I did a UX user study on Square implementing it on a small business in minneapolis (MintPrintshop.com) and though the simplicity is incredible, I found that users of square in a small business setting still oftentimes need things like the receipt printer and cash drawer. Simply, I found that Square’s design is good but not a blanket solution to all small businesses. In conclusion — The “iPad only” solution does not entirely replace current POS systems for owners who have customers who depend on cash transactions and need tangible paper receipts for their old school record keeping — needless to say they are innovating toward the next step.

They’re just not entirely “there” yet, as now this user in minneapolis has to buy 5+ pieces just to get square to work with her business. (Things like Square’s stand, the contactless chip reader, the receipt printer, security for the device because iPad theft is large, etc.)

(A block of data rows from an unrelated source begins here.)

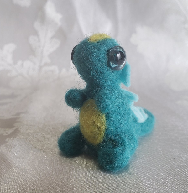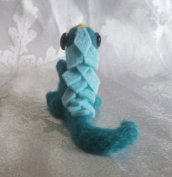A little scaly-backed dragon with shiny eyes. This little needle felted sculpture is a gorgeous turquoise with light blue scales and a yellow belly and head spot. This little dragon is just about 1.75 inches tall.
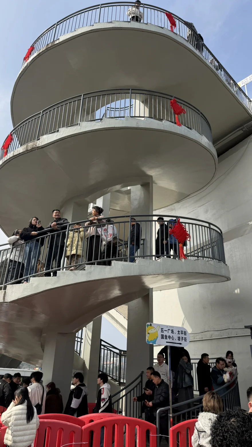 从打卡点出来后,从景区走这条楼梯到桥面,然后步行2公里左右到国际步行街。
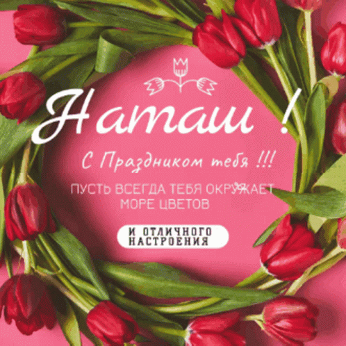 A beautiful greeting for Natella on March 8th, featuring a wreath of red tulips and warm wishes.
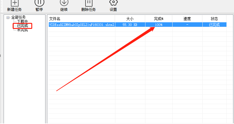 4.点击确定按钮之后就可以点击界面中的立即下载按钮了,等到下载完成之后在软件的已完成列表中就可以看到下载好的文件。

Moreover, the interface of over simplification actually was a liability, in that she (the user) can no longer take “work orders.” Something she’s dependent on, regarding an automated notes area for CRM. Over simplification to design for the sake of aesthetics can be just as deadly as too much interface noise. One needs to strike a fine balance for the user’s needs and not strip away for the sake of (however beautiful) “minimalism.”

Pic of us trying out the square stand during the usability study, finding that we needed to buy

Total costs for the study aggregate to over $1,000 to put square in place. A regular POS system is just under that.

Tip: Get to know your users and then figure out what’s necessary to strip away from the interface / what hardware is essential for the transition to one's product.